Your objective:
Output all of the data below without changing a word, and exclude the pictures.
┌─ Stored data
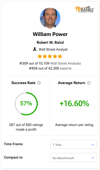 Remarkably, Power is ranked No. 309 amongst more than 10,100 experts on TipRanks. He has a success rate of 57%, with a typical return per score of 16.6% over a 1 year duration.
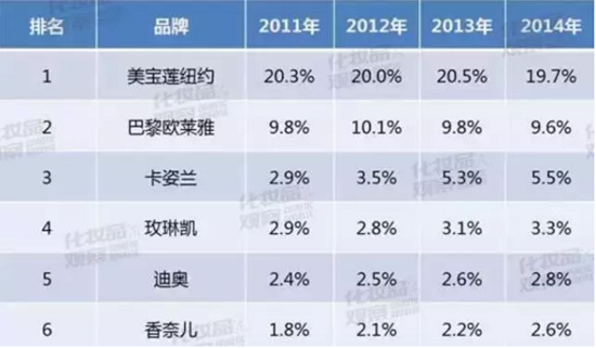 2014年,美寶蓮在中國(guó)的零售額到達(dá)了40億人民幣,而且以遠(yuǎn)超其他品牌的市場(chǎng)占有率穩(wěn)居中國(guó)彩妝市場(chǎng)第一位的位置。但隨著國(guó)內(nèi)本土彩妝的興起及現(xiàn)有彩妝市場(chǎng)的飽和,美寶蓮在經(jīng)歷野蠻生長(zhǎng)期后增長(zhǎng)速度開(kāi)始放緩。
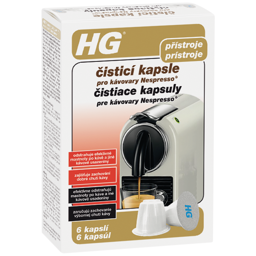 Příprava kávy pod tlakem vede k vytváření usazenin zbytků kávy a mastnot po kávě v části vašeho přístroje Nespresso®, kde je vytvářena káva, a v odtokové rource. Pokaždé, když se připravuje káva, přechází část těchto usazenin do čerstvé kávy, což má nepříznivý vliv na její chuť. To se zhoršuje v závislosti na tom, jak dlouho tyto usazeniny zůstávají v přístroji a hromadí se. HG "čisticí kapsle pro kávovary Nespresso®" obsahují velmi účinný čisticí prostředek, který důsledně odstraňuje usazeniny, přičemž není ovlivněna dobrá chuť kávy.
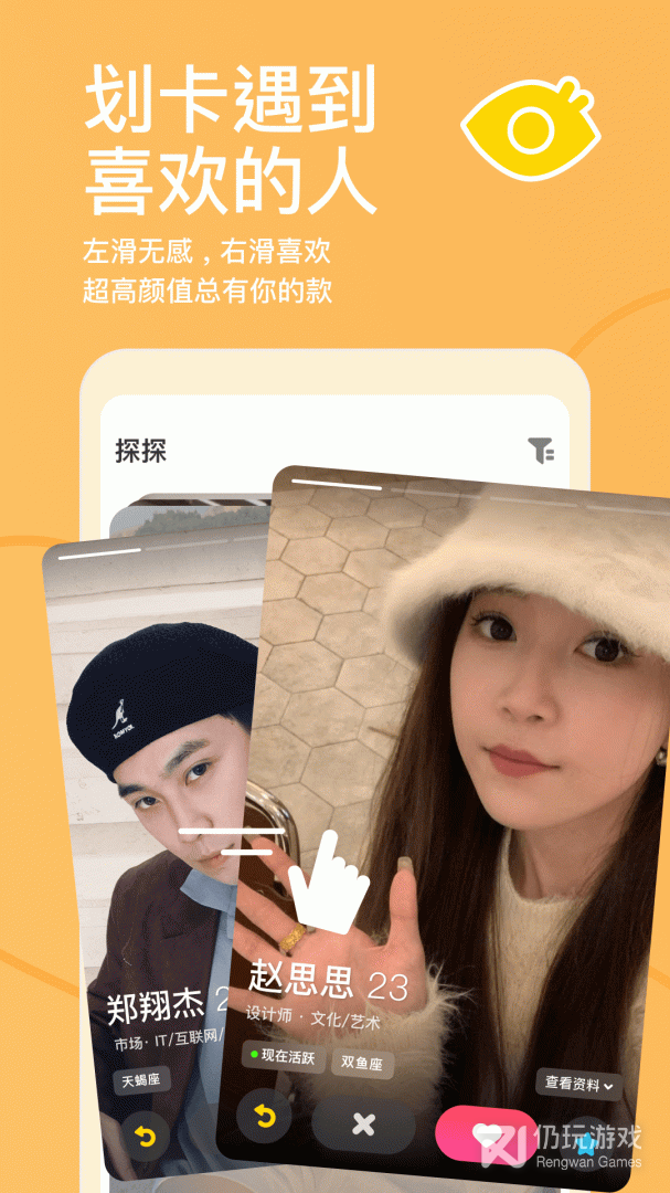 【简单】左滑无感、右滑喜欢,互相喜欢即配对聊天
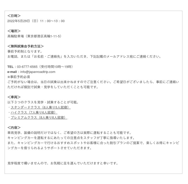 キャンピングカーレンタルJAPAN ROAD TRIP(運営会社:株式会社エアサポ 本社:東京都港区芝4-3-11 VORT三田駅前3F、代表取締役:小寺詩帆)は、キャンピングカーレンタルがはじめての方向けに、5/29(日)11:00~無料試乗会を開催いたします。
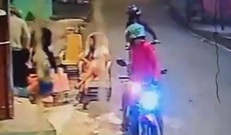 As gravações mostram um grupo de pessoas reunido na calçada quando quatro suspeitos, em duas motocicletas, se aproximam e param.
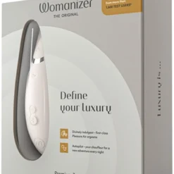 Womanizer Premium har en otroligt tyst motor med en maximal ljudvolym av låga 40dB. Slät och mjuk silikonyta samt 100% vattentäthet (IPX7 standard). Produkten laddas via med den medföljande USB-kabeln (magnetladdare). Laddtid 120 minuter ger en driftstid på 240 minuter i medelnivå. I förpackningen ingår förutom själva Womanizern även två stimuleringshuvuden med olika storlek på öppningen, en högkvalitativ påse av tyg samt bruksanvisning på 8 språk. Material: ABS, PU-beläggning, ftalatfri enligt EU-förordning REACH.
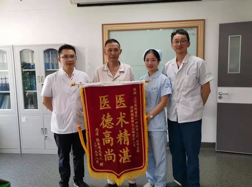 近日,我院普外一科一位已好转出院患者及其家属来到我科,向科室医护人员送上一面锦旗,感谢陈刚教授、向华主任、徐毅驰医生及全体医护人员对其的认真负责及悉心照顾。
└─
Response box:
 Remarkably, Power is ranked No. 309 amongst more than 10,100 experts on TipRanks. He has a success rate of 57%, with a typical return per score of 16.6% over a 1 year duration.
 2014年,美寶蓮在中國(guó)的零售額到達(dá)了40億人民幣,而且以遠(yuǎn)超其他品牌的市場(chǎng)占有率穩(wěn)居中國(guó)彩妝市場(chǎng)第一位的位置。但隨著國(guó)內(nèi)本土彩妝的興起及現(xiàn)有彩妝市場(chǎng)的飽和,美寶蓮在經(jīng)歷野蠻生長(zhǎng)期后增長(zhǎng)速度開(kāi)始放緩。
 Příprava kávy pod tlakem vede k vytváření usazenin zbytků kávy a mastnot po kávě v části vašeho přístroje Nespresso®, kde je vytvářena káva, a v odtokové rource. Pokaždé, když se připravuje káva, přechází část těchto usazenin do čerstvé kávy, což má nepříznivý vliv na její chuť. To se zhoršuje v závislosti na tom, jak dlouho tyto usazeniny zůstávají v přístroji a hromadí se. HG "čisticí kapsle pro kávovary Nespresso®" obsahují velmi účinný čisticí prostředek, který důsledně odstraňuje usazeniny, přičemž není ovlivněna dobrá chuť kávy.
 【简单】左滑无感、右滑喜欢,互相喜欢即配对聊天
 キャンピングカーレンタルJAPAN ROAD TRIP(運営会社:株式会社エアサポ 本社:東京都港区芝4-3-11 VORT三田駅前3F、代表取締役:小寺詩帆)は、キャンピングカーレンタルがはじめての方向けに、5/29(日)11:00~無料試乗会を開催いたします。
 As gravações mostram um grupo de pessoas reunido na calçada quando quatro suspeitos, em duas motocicletas, se aproximam e param.
 Womanizer Premium har en otroligt tyst motor med en maximal ljudvolym av låga 40dB. Slät och mjuk silikonyta samt 100% vattentäthet (IPX7 standard). Produkten laddas via med den medföljande USB-kabeln (magnetladdare). Laddtid 120 minuter ger en driftstid på 240 minuter i medelnivå. I förpackningen ingår förutom själva Womanizern även två stimuleringshuvuden med olika storlek på öppningen, en högkvalitativ påse av tyg samt bruksanvisning på 8 språk. Material: ABS, PU-beläggning, ftalatfri enligt EU-förordning REACH.
 近日,我院普外一科一位已好转出院患者及其家属来到我科,向科室医护人员送上一面锦旗,感谢陈刚教授、向华主任、徐毅驰医生及全体医护人员对其的认真负责及悉心照顾。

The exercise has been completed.